As an early idea, I might use a mixture of using CBOR for the discovery cache and a small in-memory LRU cache of parsed schemas. Bear in mind that we don't know how big the response from the Discovery API is.
Personally, I'd file the issue against kubectl as it's kubectl you want to enhance, but I can see the case for making a generic client-go solution.
Based on this thread it sounds like a reasonable feature request, I think caching this in kubectl makes the most sense unless we can get some consensus from downstream users of client-go (including ourselves) on how to accomplish this, if it's desirable, what the default behavior should be, ie. opt in to having the cache exist or opt out of it.
It does seem very odd to me that kubectl would need to re-request the same openapi spec from the server over and over since kubectl can't out of the box make requests to multiple clusters at once, so nothing should change.
/kind feature /triage accepted
You can do caching by GVK in kubectl, in the factory, for example. I am not sure you can get better results without getting into client-go, constructors don't let you wrap what needs to be wrapped. I am also not sure this is feasible to be done in the factory globally, don't know the codebase that well, but you could pull the init logic from the factory into just apply with some copy-paste:
diff --git a/staging/src/k8s.io/kubectl/pkg/cmd/util/factory_cachin_verifier.go b/staging/src/k8s.io/kubectl/pkg/cmd/util/factory_cachin_verifier.go
new file mode 100644
index 00000000000..da19f4615b0
--- /dev/null
+++ b/staging/src/k8s.io/kubectl/pkg/cmd/util/factory_cachin_verifier.go
@@ -0,0 +1,27 @@
+package util
+
+import (
+ "k8s.io/apimachinery/pkg/runtime/schema"
+ "k8s.io/cli-runtime/pkg/resource"
+)
+
+type cachingVerifier struct {
+ cache map[schema.GroupVersionKind]error
+ next resource.Verifier
+}
+
+func newCachingVerifier(next resource.Verifier) *cachingVerifier {
+ return &cachingVerifier{
+ cache: make(map[schema.GroupVersionKind]error),
+ next: next,
+ }
+}
+
+func (cv *cachingVerifier) HasSupport(gvk schema.GroupVersionKind) error {
+ if err, ok := cv.cache[gvk]; ok {
+ return err
+ }
+ err := cv.next.HasSupport(gvk)
+ cv.cache[gvk] = err
+ return err
+}
diff --git a/staging/src/k8s.io/kubectl/pkg/cmd/util/factory_client_access.go b/staging/src/k8s.io/kubectl/pkg/cmd/util/factory_client_access.go
index 6a1646b844e..c7b9abf8fbc 100644
--- a/staging/src/k8s.io/kubectl/pkg/cmd/util/factory_client_access.go
+++ b/staging/src/k8s.io/kubectl/pkg/cmd/util/factory_client_access.go
@@ -175,7 +175,7 @@ func (f *factoryImpl) Validator(validationDirective string) (validation.Schema,
primary := resource.NewQueryParamVerifierV3(dynamicClient, oapiV3Client, queryParam)

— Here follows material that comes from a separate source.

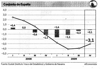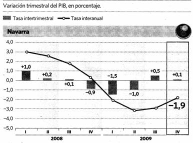 Hasta el club más modesto de fútbol sabe que, si acaba la primera parte de la liga en los últimos puestos, tiene que hacer cambios en la plantilla o en la dirección técnica, si quiere evitar el descenso. Si su presidente, ante la gravedad de la situación deportiva, asegura que no pasa nada, que en la segunda parte y con el mismo equipo y entrenador será el momento de la recuperación vigorosa que llevará al equipo a la zona alta de la tabla, hasta el más forofo de los aficionados pensará que les está tomando el pelo o que no tiene ni idea de este deporte. Si estas declaraciones las hiciera en una asamblea de socios entre el entusiasmo general, os garantizo que inmediatamente sería el tema simpático del día en todos los medios de comunicación, tanto como si, entre las medidas para resolver la crisis, aprueban las de cambiar la vestimenta a los jugadores, el comprar un nuevo autobús con vivos colores o hacer una rotonda en la zona deportiva. Sin embargo en la vida pública no me extrañaría que esto último pueda suceder, tal vez porque los ciudadanos no tienen tantos conocimientos sobre la gobernación como tienen sobre el fútbol o porque potentes medios de comunicación se han especializado en la manipulación de la información hasta extremos increíbles. Sólo cuando la ciudadanía caiga en la cuenta de que, entre los casos de corrupción, también se pueden incluir la aplicación de recursos públicos y la aprobación de privilegios legales en beneficio de intereses particulares y tengan, estas empresas, que vivir, como todas, de sus clientes, dirigirán sus líneas informativas a la defensa del bien común y no de los intereses políticos de los que administran el dinero de todos. En este momento, comprobarán que, más que inyectar en la sociedad, permanentemente, elementos de crispación, que se irán haciendo, cada vez, más intensos, alienantes y hasta peligrosos, para evitar que la gravedad y la responsabilidad de la crisis no tenga efectos electorales, es más honesto e inteligente colaborar en el diagnóstico y la búsqueda de soluciones positivas para que la sociedad no llegue a una situación de deterioro económico irreversible. Se lo agradecerá tanto la población como el futuro político de los intereses políticos que intentan, tan torpemente, proteger. La actual crisis no sólo ha puesto de manifiesto los defectos estructurales de nuestra economía sino, también, de buena parte de nuestros clásicos medios de información. En la economía, como en el deporte, también los resultados dependen de la gestión. Por eso, cuando me preguntan y cada vez más angustiadamente, sobre cuándo saldremos de la recesión, les ponía el ejemplo de Navarra. Desde comienzos del 2.009, en todas las comunidades autónomas se produjo una importante caída en la compra de automóviles, salvo en Navarra. En esta comunidad, habían aprobado un plan de ayuda para la adquisición de automóviles que había tenido tanto éxito que era la única que había conseguido tener un crecimiento positivo de ventas. Programa de ayudas que también había logrado potenciar el mercado de automóviles en los países en que se había aplicado y que, luego, probaríamos nosotros. En el periódico EL ECONOMISTA del 15 de febrero de 2010, se destacaba el hecho diferencial navarro en relación con el resto de España. Es la comunidad con menos tasa de paro (10,53% por el 18,83% de la media nacional) la que menos había reducido la recaudación pública en el 2009 (-4,6%, en España un -16,5% hasta noviembre) y la que se estaba recuperando mejor, ya que llevaba dos trimestres en crecimiento positivo (ver 1 y 2 gráficos). Se puede pensar que ello se debe a su estructura productiva diversificada y con alto componente industrial y al menor peso que tiene en ella la construcción residencial, pero si la comparamos con la otra economía tradicionalmente industrial como la catalana, veremos que su evolución tiene un enorme mérito. Cataluña presentaba, a finales del 2.009, una tasa de paro de un 16,5% y fue la segunda en mayor recesión 4,69% del PIB pb, sólo superada por Aragón, -4,87 (Fuente :CUADERNOS DE INFORMACIÓN ECONÓMICA nº 214 FUNCAS marzo del 2.010). Lo que me desconcierta es que, una comunidad con tanta capacidad para el debate sobre cualquier tema por nimio que sea, no se haya planteado esta regresión de resultados como su principal preocupación, cuando este comportamiento negativo viene repitiéndose durante demasiado tiempo.( 3 ) Como en cualquier empresa, debería ser objeto de revisión el funcionamiento de todos sus departamentos: la gerencia, la producción y la atención a la clientela, para investigar en donde está el origen del arraigo de tan malos resultados. Porque, el mantenimiento de una situación económica próspera, no sólo es la garantía del nivel de vida y de trabajo de sus ciudadanos, de la calidad de los servicios públicos y las infraestructuras, de su estabilidad social y política, sino también de la viabilidad de su sistema educativo y cultural, propio. Reducida la oferta pública de empleo, que ha sido tan generosa en los últimos tiempos, a mínimos, una sociedad que contempla, con indolencia y sin reacción, cómo se destruye su tejido empresarial y se amplía, con tanta fuerza, su tasa de paro, está trasladando a otros pueblos el futuro profesional de sus hijos y será entonces cuando comprueben la utilidad y la calidad de su formación. Pero, si analizamos el texto, comprobaremos que es en la gestión pública y social de la crisis y en la especial atención por la mejora de la calidad del sector productivo (ejm. en I+D un 1,92% de su PIB, por un 1,35% del PIB de media nacional), en donde encontraremos las razones de estos datos económicos tan positivos, de ahí entresacamos lo siguiente: El Consejero de Economía, Álvaro Miranda, explica que el milagro navarro va más allá de las fortalezas propias de la economía Navarra: Esto no es una ca

secondary := resource.NewQueryParamVerifier(dynamicClient, f.openAPIGetter(), queryParam)
fallback := resource.NewFallbackQueryParamVerifier(primary, secondary)
- return validation.NewParamVerifyingSchema(schema, fallback, string(validationDirective)), nil
+ return validation.NewParamVerifyingSchema(schema, newCachingVerifier(fallback), string(validationDirective)), nil
}
nice, quickly tried the patch on a somewhat recent ref (9ba7dcecc39274f3acf4064d572996ecdbc96f10) and performance about 20-30 times faster on the cpu, equivalent to the poc cache patch I provided earlier:
$ for i in {1..100}; do echo '{ "apiVersion": "v1", "kind": "Namespace", "metadata": { "name": "ns'$i'" }}' ; done > manifests
$ time _output/local/bin/linux/amd64/kubectl.orig apply --dry-run=client -f manifests > /dev/null
real 0m3.562s
user 0m4.144s
sys 0m0.163s
$ time _output/local/bin/linux/amd64/kubectl.patched apply --dry-run=client -f manifests > /dev/null
real 0m0.652s
user 0m0.159s
sys 0m0.044s